I hope this is the last time I warn of a pivotal week for quite a while.

Everybody knows the markets, with the exception of the Nasdaq, have been passing time for the last five weeks. There has been plenty of day-to-day volatility but the +50, -50, repeat, cycle has kept us locked in a roughly 200 point trading range on the Dow. The S&P has been in a 25-point range except for a one-day drop on December 30th.

Markets go sideways for two reasons. They are either consolidating large gains or waiting for some critical event to pick a direction. Over the last five weeks, both reasons have been in play.

The nearly 200 point post election rally on the S&P needed to be consolidated and new money does not want to buy the top until after the event risk surrounding the inauguration had passed.

We now have three trading days until the event. Volume is expected to be low because everyone has already staked out their positions. However, if the negative headlines begin to increase in the coming week we could see some traders begin to get nervous and move to the sidelines.

Once the event has passed successfully, I believe we will see a relief rally but quite a few analysts are expecting a sell the news event as the rubber meets the road when the president elect promises begin to run into opposition in congress.

Rather than flip a coin and try to predict market direction about the only guaranteed outcome would be a market crash if there were a disaster at the event. How far the market crashes depends on how big the disaster. We have seen market dips on mass casualty events in recent years but investors have grown somewhat immune and now regard them as buying opportunities.

This is going to be a short commentary because nothing has changed from last week. Actually, nothing has changed in five weeks with the exception the S&P closes are clustering closer to resistance, suggesting we could see a breakout rather than a break down.

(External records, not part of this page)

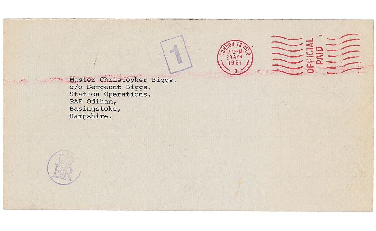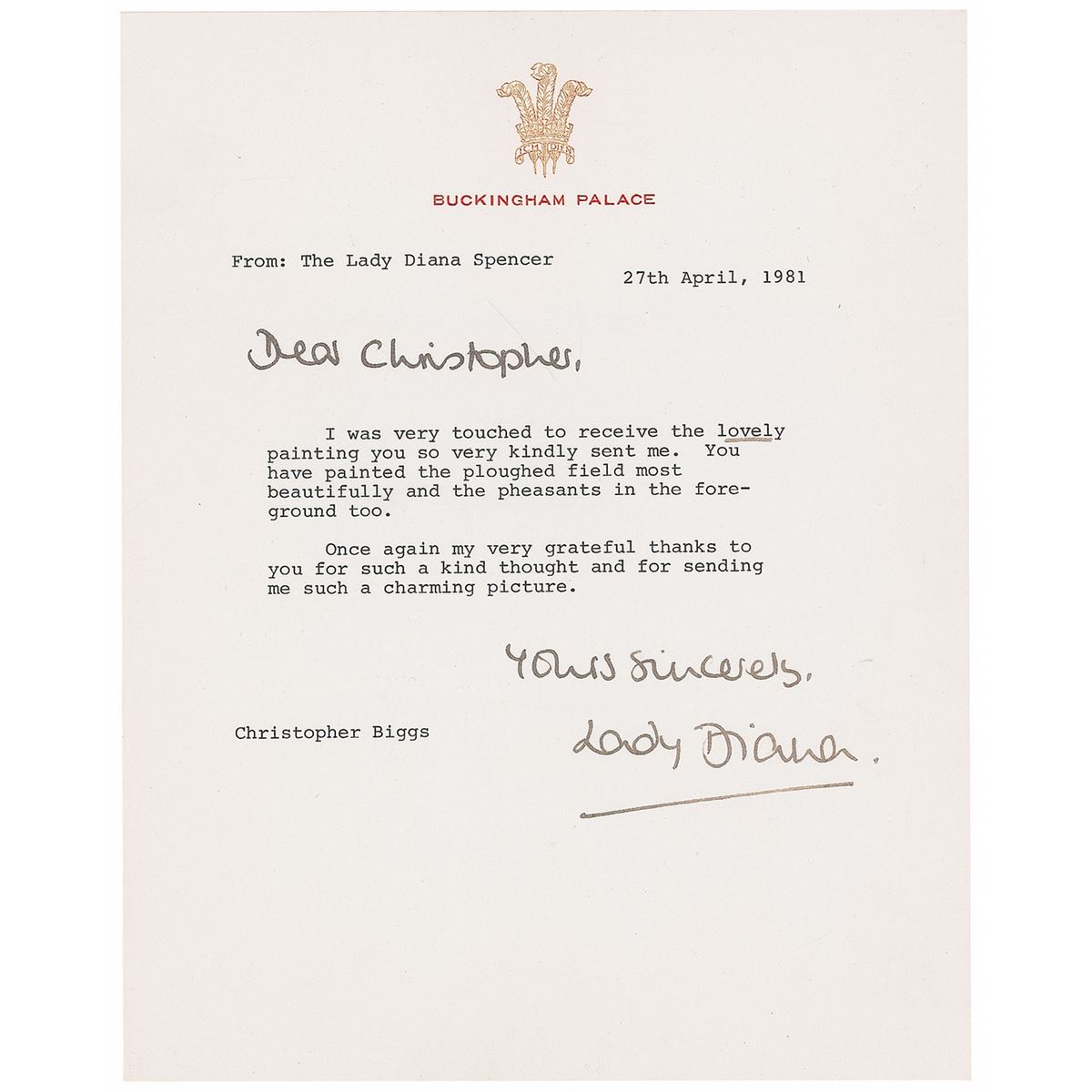 TLS signed “Yours sincerely, Lady Diana,” one page, 7.25 x 9.25, Buckingham Palace letterhead, April 27, 1981. Letter to Christopher Biggs, in full: “I was very touched to receive the lovely painting you so very kindly sent me. You have painted the ploughed field most beautifully and the pheasants in the foreground too. Once again my very grateful thanks to you for such a kind thought and for sending me such a charming picture.” Diana also adds “Dear Christopher” in her own hand and underlines the word ‘lovely.’ In fine condition. Accompanied by the original mailing envelope, and copies of two related letters, one from Diana’s private secretary Oliver Everett, extending further thanks, and the other from Anne Pitcher, a tutor at Aldershot’s Cambridge Military Hospital, sharing further background information on the painting. Following Prince Charles’s proposal to Diana on February 24, 1981, Pitcher enlisted the help of Biggs, an 11-year-old disabled boy in her ward, to assist in making the soon-to-be royal couple an engagement present, a painting entitled ‘Love in a Ploughed Field,’ symbolizing the moment the pair had originally met. A charming letter composed just three months before the ‘the wedding of the century,’ greatly enhanced by its lovely backstory and the rare inclusion of her title as “Lady Diana.”
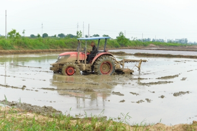圖為湖北春暉農機專業合作社的農機正在整田。
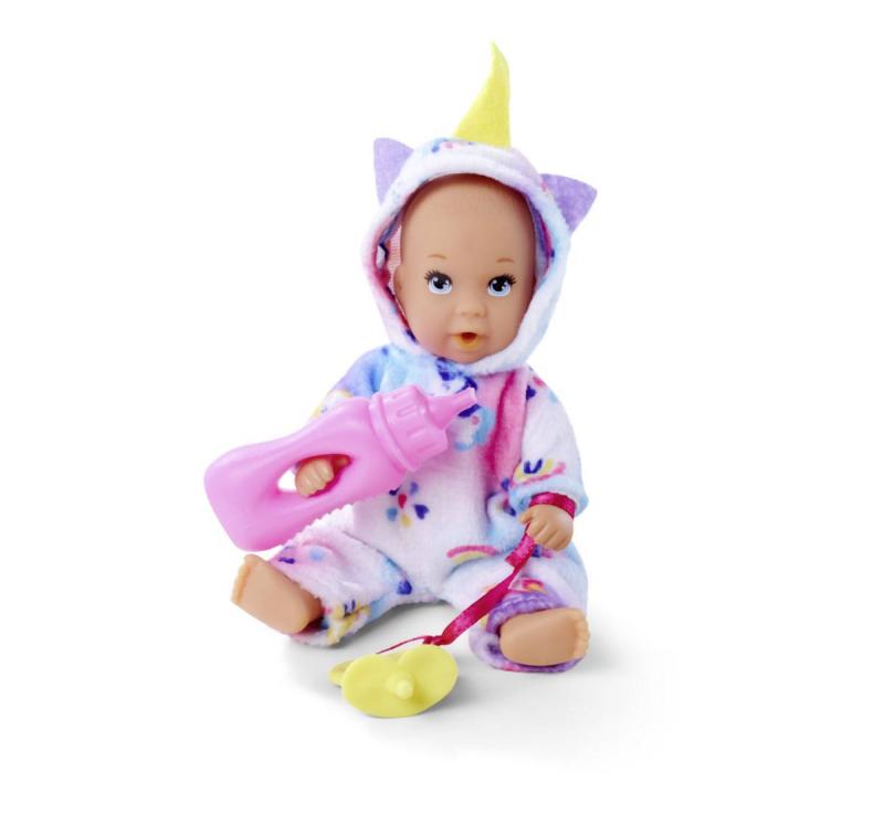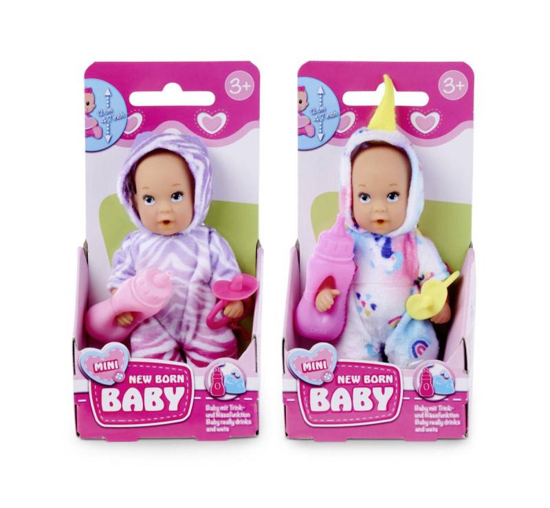 Panenka New Born Baby MINI pije a čůrá. Balení obsahuje lahvičku a dudlík. Pyžamo je ve dvou motivech - jednorožec, džungle.

The problem is timing. I am not sure there is enough sideline money unafraid of Friday's events to power a breakout. Every attempt in the past has been met with instant selling but after five weeks, the sellers may be exhausted.

The chart really tells us nothing except the indicators are also moving sideways although still negative. Volume has declined as we head into next week and that is a sign of caution.


The S&P A/D line is about to break out to a new high and that correlates to the S&P closes clustering near the highs of the recent range. This should suggest a potential upside breakout.


The Dow chart is slightly more negative. The inability to hit 20,000 after five-weeks of trying is a major bruise to sentiment. The indicators are slightly more negative than the S&P and the 2,100-point rally has not seen any material profit taking.

The -181 point intraday dip on Thursday was a perfect spot for sellers to take control and they could not do it. The dip buyers arrived in volume but once they lifted the index back to 19,900, it was a dead stop. There are still sellers at the higher numbers but plenty of buyers under 19,900.

Nearly one-third of the Dow components were downgraded last week and the Dow only lost 78 points for the week. That is far from bearish and should be a sign the bulls are not afraid of the future.


The Dow A/D line is declining like the Dow indicators. This suggests the Dow is weakening more than the actual index is showing.


The Nasdaq Composite traded higher on 8 of the last 9 days and is showing no weakness. However, with any string of gains, there is always the eventual retracement. We saw it in early December and again in late December. After nine days of gains, the Nasdaq is due to rest. With the event risk for Friday and Netflix earnings on Wednesday and IBM on Thursday, this would be a good spot for some profit taking. The index did punch through uptrend resistance last week and the stutter step when it hit that level was minimal.


The Nasdaq A/D line is breaking out to a new high to confirm the breakout on the index itself. This is bullish because the rising A/D line is not possible with just the top ten big caps lifting the index. This means there is support from the rest of the tech sector.


The Russell 2000 has an interesting chart pattern. With only a couple deviations the flag at the top is being well respected. In theory, this is a continuation pattern that should breakout to the upside. However, that assumes an uneventful calendar. Next week is hardly uneventful.


The cumulative advance/decline line for the small caps is weakening slightly and the MACD is extending its decline. This suggests the next move on the Russell could be to the downside.


The broadest index is the Russell 3000 and the candles have been clustering at resistance just like the S&P. This also suggests the next move could be a breakout to the upside.


All things being equal, the market appears poised to move higher assuming an absence of negative headlines next week. I would want to be a buyer of index ETFs on any decline and I personally want to be long an ETF on Friday morning but fully aware a disaster could be costly. Limit your exposure and be prepared for a major market move.

Enter passively and exit aggressively!